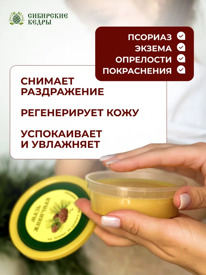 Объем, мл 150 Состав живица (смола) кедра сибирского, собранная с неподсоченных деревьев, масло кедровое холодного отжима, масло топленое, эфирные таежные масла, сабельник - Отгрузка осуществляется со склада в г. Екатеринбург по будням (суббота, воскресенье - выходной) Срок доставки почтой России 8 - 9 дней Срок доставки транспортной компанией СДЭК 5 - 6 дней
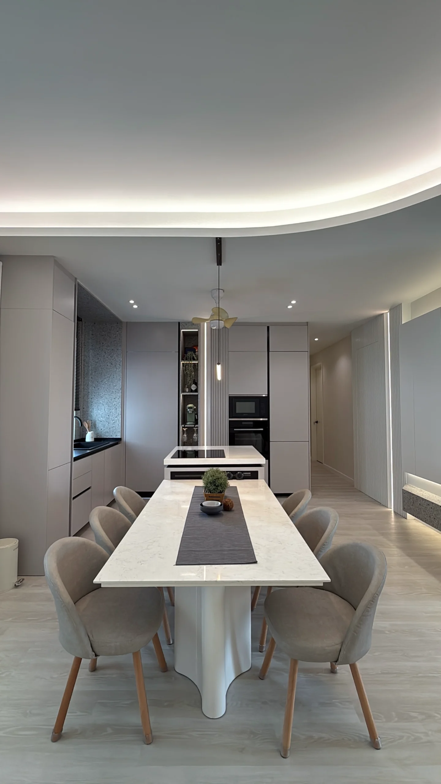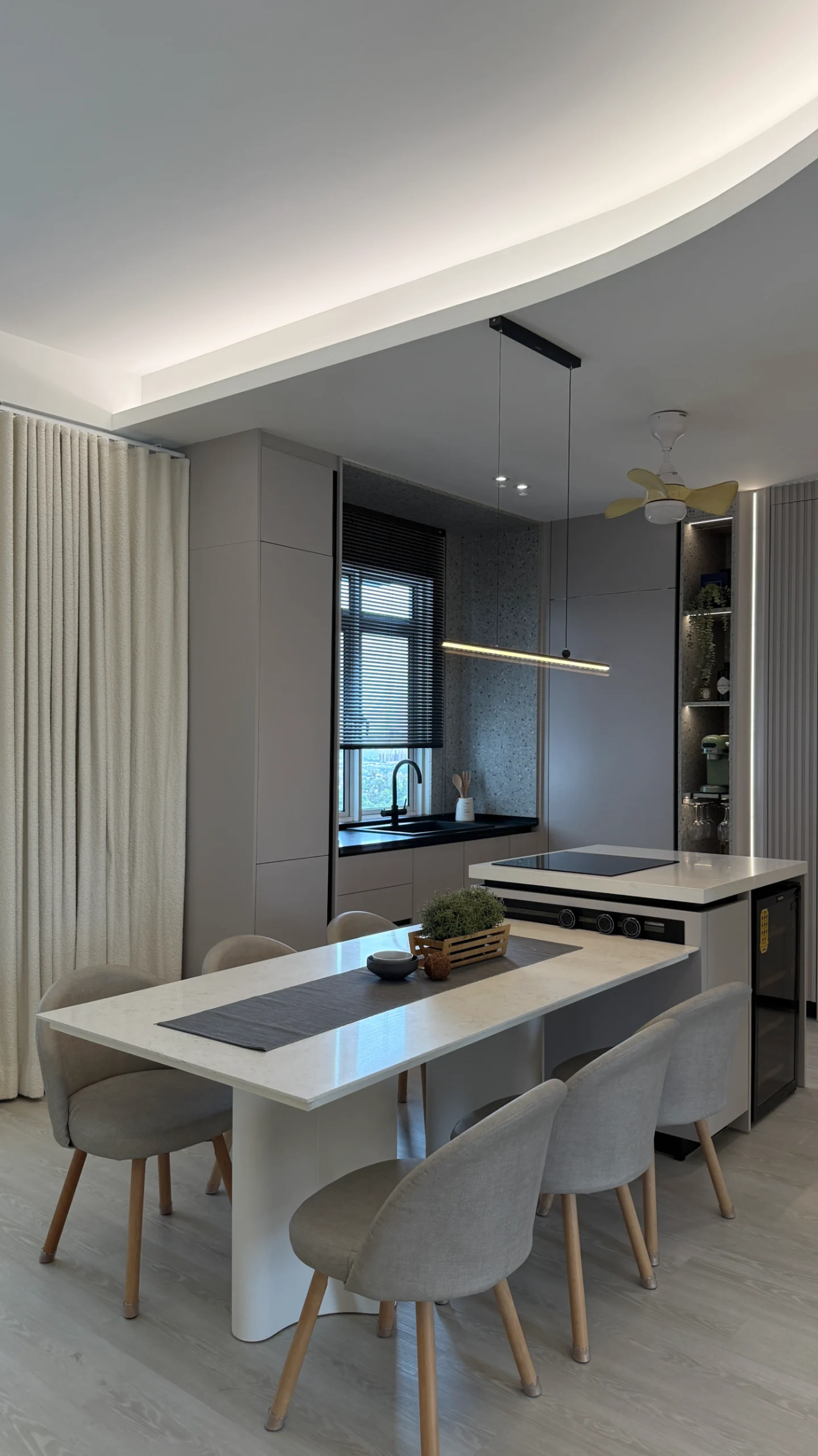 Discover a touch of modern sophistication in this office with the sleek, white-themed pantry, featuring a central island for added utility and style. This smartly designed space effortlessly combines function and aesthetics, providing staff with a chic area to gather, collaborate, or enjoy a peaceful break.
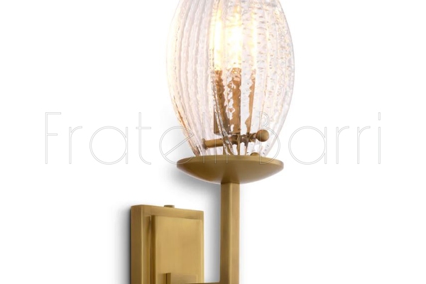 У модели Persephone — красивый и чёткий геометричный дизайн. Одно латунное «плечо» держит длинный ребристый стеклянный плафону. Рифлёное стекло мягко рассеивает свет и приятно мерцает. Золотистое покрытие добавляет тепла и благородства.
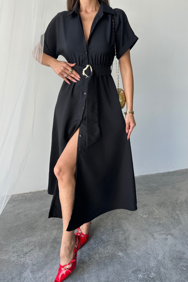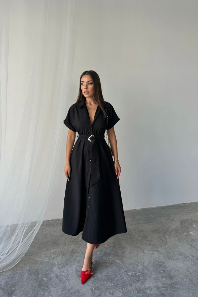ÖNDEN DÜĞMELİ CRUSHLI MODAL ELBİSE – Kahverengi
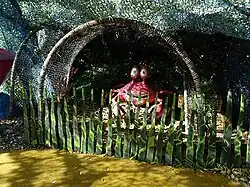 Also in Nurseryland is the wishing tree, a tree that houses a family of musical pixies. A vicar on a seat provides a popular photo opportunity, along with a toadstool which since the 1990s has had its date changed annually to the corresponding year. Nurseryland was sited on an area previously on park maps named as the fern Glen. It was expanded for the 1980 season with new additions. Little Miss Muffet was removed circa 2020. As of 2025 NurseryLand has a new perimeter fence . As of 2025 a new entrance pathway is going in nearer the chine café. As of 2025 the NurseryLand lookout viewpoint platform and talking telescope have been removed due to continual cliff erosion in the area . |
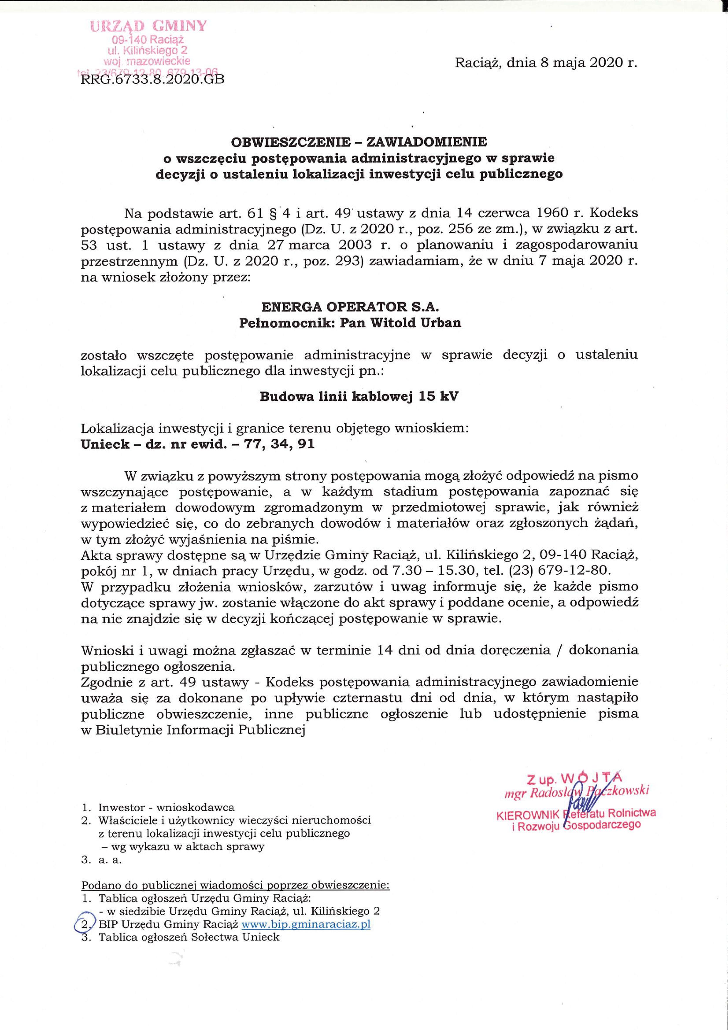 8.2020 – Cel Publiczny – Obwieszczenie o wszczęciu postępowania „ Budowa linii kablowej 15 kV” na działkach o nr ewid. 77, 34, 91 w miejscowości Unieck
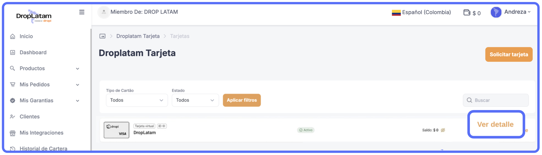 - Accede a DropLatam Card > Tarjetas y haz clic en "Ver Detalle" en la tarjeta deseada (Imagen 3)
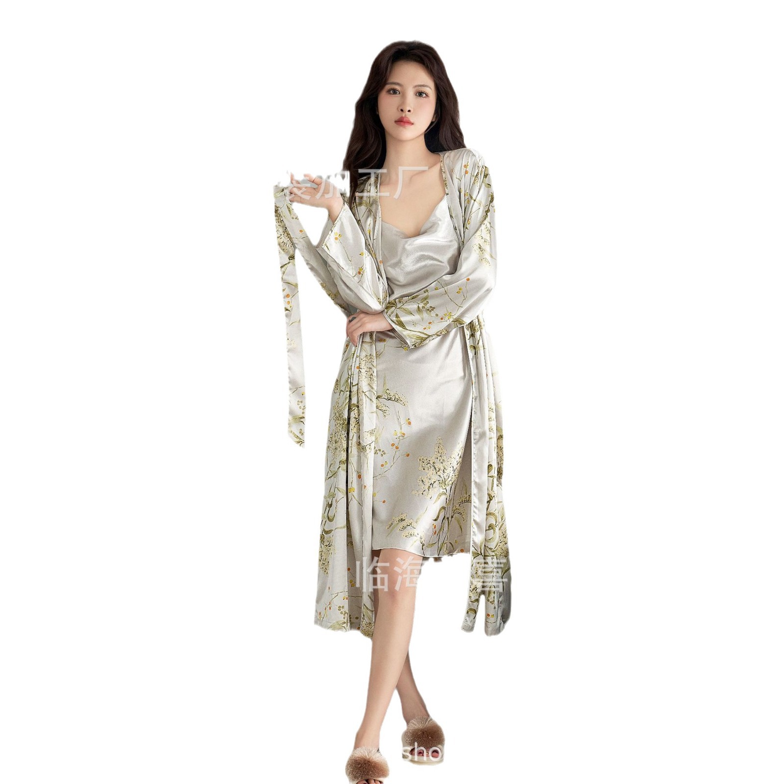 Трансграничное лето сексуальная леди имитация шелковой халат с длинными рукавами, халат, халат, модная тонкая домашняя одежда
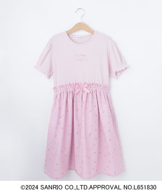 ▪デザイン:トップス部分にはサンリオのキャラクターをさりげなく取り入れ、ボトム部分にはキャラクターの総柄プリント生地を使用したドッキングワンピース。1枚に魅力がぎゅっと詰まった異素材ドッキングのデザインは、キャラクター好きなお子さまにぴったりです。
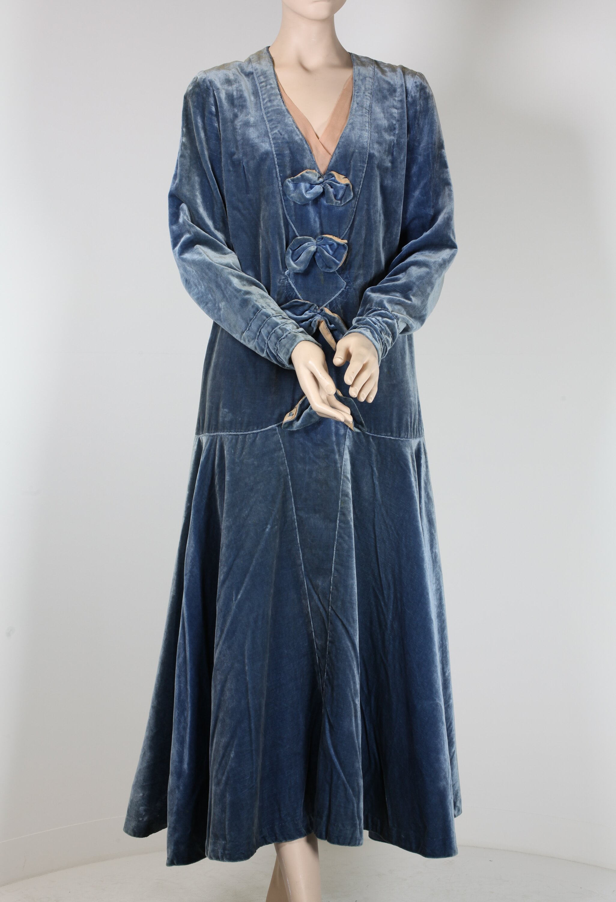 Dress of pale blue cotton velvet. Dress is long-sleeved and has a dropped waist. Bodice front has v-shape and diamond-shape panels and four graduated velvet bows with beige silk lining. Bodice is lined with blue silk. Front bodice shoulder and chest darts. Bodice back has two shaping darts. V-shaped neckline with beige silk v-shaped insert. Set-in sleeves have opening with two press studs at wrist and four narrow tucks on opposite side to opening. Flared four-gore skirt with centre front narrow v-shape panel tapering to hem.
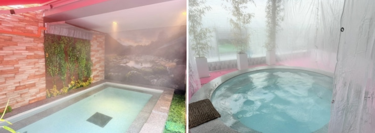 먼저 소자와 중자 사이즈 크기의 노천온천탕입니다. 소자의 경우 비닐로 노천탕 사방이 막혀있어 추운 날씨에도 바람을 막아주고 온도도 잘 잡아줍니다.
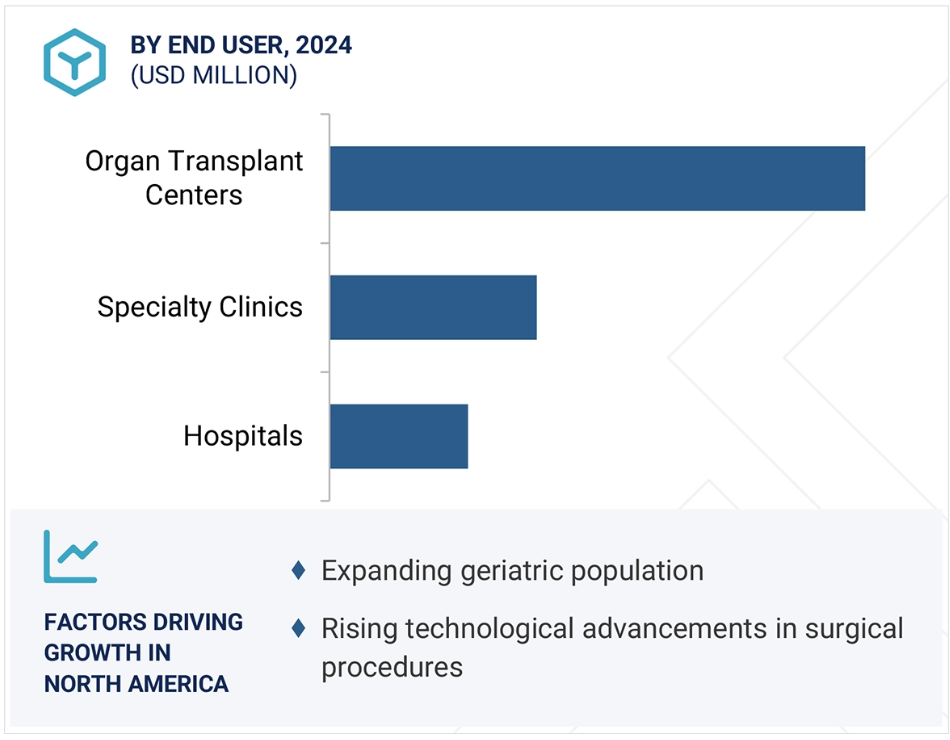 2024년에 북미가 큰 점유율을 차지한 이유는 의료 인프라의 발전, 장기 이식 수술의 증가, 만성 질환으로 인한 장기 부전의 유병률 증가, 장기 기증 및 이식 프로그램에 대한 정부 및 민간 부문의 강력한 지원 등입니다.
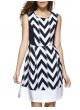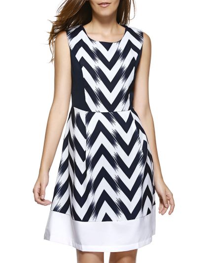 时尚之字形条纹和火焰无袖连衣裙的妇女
# # #
[Exercise directions]:
The copy should hold every entry above word for word and none of the pictures.

[Response to this exercise]:
 Объем, мл 150 Состав живица (смола) кедра сибирского, собранная с неподсоченных деревьев, масло кедровое холодного отжима, масло топленое, эфирные таежные масла, сабельник - Отгрузка осуществляется со склада в г. Екатеринбург по будням (суббота, воскресенье - выходной) Срок доставки почтой России 8 - 9 дней Срок доставки транспортной компанией СДЭК 5 - 6 дней
 Discover a touch of modern sophistication in this office with the sleek, white-themed pantry, featuring a central island for added utility and style. This smartly designed space effortlessly combines function and aesthetics, providing staff with a chic area to gather, collaborate, or enjoy a peaceful break.
 У модели Persephone — красивый и чёткий геометричный дизайн. Одно латунное «плечо» держит длинный ребристый стеклянный плафону. Рифлёное стекло мягко рассеивает свет и приятно мерцает. Золотистое покрытие добавляет тепла и благородства.
ÖNDEN DÜĞMELİ CRUSHLI MODAL ELBİSE – Kahverengi
 Also in Nurseryland is the wishing tree, a tree that houses a family of musical pixies. A vicar on a seat provides a popular photo opportunity, along with a toadstool which since the 1990s has had its date changed annually to the corresponding year. Nurseryland was sited on an area previously on park maps named as the fern Glen. It was expanded for the 1980 season with new additions. Little Miss Muffet was removed circa 2020. As of 2025 NurseryLand has a new perimeter fence . As of 2025 a new entrance pathway is going in nearer the chine café. As of 2025 the NurseryLand lookout viewpoint platform and talking telescope have been removed due to continual cliff erosion in the area . |
 8.2020 – Cel Publiczny – Obwieszczenie o wszczęciu postępowania „ Budowa linii kablowej 15 kV” na działkach o nr ewid. 77, 34, 91 w miejscowości Unieck
 - Accede a DropLatam Card > Tarjetas y haz clic en "Ver Detalle" en la tarjeta deseada (Imagen 3)
 Трансграничное лето сексуальная леди имитация шелковой халат с длинными рукавами, халат, халат, модная тонкая домашняя одежда
 ▪デザイン:トップス部分にはサンリオのキャラクターをさりげなく取り入れ、ボトム部分にはキャラクターの総柄プリント生地を使用したドッキングワンピース。1枚に魅力がぎゅっと詰まった異素材ドッキングのデザインは、キャラクター好きなお子さまにぴったりです。
 Dress of pale blue cotton velvet. Dress is long-sleeved and has a dropped waist. Bodice front has v-shape and diamond-shape panels and four graduated velvet bows with beige silk lining. Bodice is lined with blue silk. Front bodice shoulder and chest darts. Bodice back has two shaping darts. V-shaped neckline with beige silk v-shaped insert. Set-in sleeves have opening with two press studs at wrist and four narrow tucks on opposite side to opening. Flared four-gore skirt with centre front narrow v-shape panel tapering to hem.
 먼저 소자와 중자 사이즈 크기의 노천온천탕입니다. 소자의 경우 비닐로 노천탕 사방이 막혀있어 추운 날씨에도 바람을 막아주고 온도도 잘 잡아줍니다.
 2024년에 북미가 큰 점유율을 차지한 이유는 의료 인프라의 발전, 장기 이식 수술의 증가, 만성 질환으로 인한 장기 부전의 유병률 증가, 장기 기증 및 이식 프로그램에 대한 정부 및 민간 부문의 강력한 지원 등입니다.
 时尚之字形条纹和火焰无袖连衣裙的妇女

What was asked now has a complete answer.